Orang tua dan anak mengakui dalam diri masing-masing ketika menyangkut memilih pasangan mereka saling membutuhkan sehingga harus saling menghargai, memahami, menyanyangi dan menjaga satu sama lain
Peneliti menemukan bahwa orang tua telah menciptakan kesetaraan komunikasi seperti Ibu Nurhalimah yang mendengarkan seksama tanpa menyela bahkan tanpa ragu bertanya ketika Diki selaku anak menceritakan hal-hal yang dia alami guna memahami dengan secara utuh permasalahan anak termasuk cerita soal pasangan yang sehingga menghindari kekeliruan ketika memberi nasehat atau arahan bagaimana kedepannya anak mengambil langkah.
Dalam proses komunikasi anak dan orang tua dalam memilih pasangan kesetraan ini terlihat dalam proses komunikasi yang dua arah dilakukan oleh anak dengan orangtua. Selama berkomunikasi, anak dengan gamblang menceritakan tentang apa yang dialami juga mengenalkan yang dianggap calon pasangan. Walau awalnya terasa canggung. Sehingga terjadi komunikasi yang dialogis.

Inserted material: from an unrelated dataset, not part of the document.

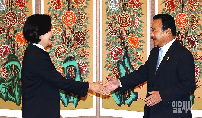 9일 오전, 새누리당 이완구·새정치민주연합 박영선 원내대표가 서울 여의도 국회 사랑재에서 원내대표 회담 직전, 악수를 나누고 있다.
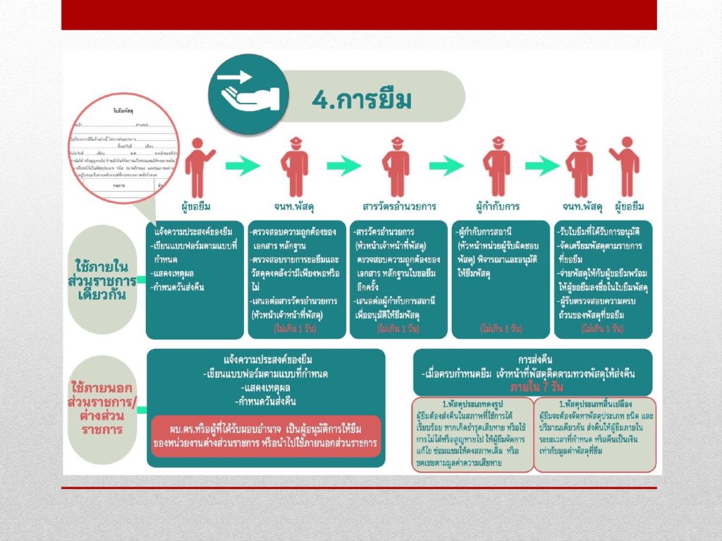 – กำหนดแนวทางการยืมหรือการเบิกจ่ายทรัพย์สินของราชการหรือของบริจาค

Subjek Soleh pun mengatakan bahwa ketika dalam memilih pasangan, nasehat dari orang tua dalam hal ini ibu mempengaruhi cara pandangnya dalam memilih pasangan. Hal ini menyimpulkan bahwa komunikasi interpersonal anak dan orang tua pasca perceraian memiliki peran penting bagi anak dalam memilih pasangan.
62
Kesetaraan juga ditujukkan oleh subjek penelitian Ibu Samira yang mendengarkan anaknya dengan seksama ketika bercerita tentang pasangannya tanpa menyela sampai selesai dan kalimat yang ilontarkan pun ketika berkomunikasi dengan anaknya tidak menunjukkan bahwa ibu Samira ssebagai orang tua memiliki status lebih tinggi. Ibu Samira memilih untuk membaur dengan anak agar anak merasa nyaman juga bercerita tanpa ada yang ditutupi atau dikurangi.
Menciptakan suasana komunikasi yang setara dan efekti antara orang tua dan anak.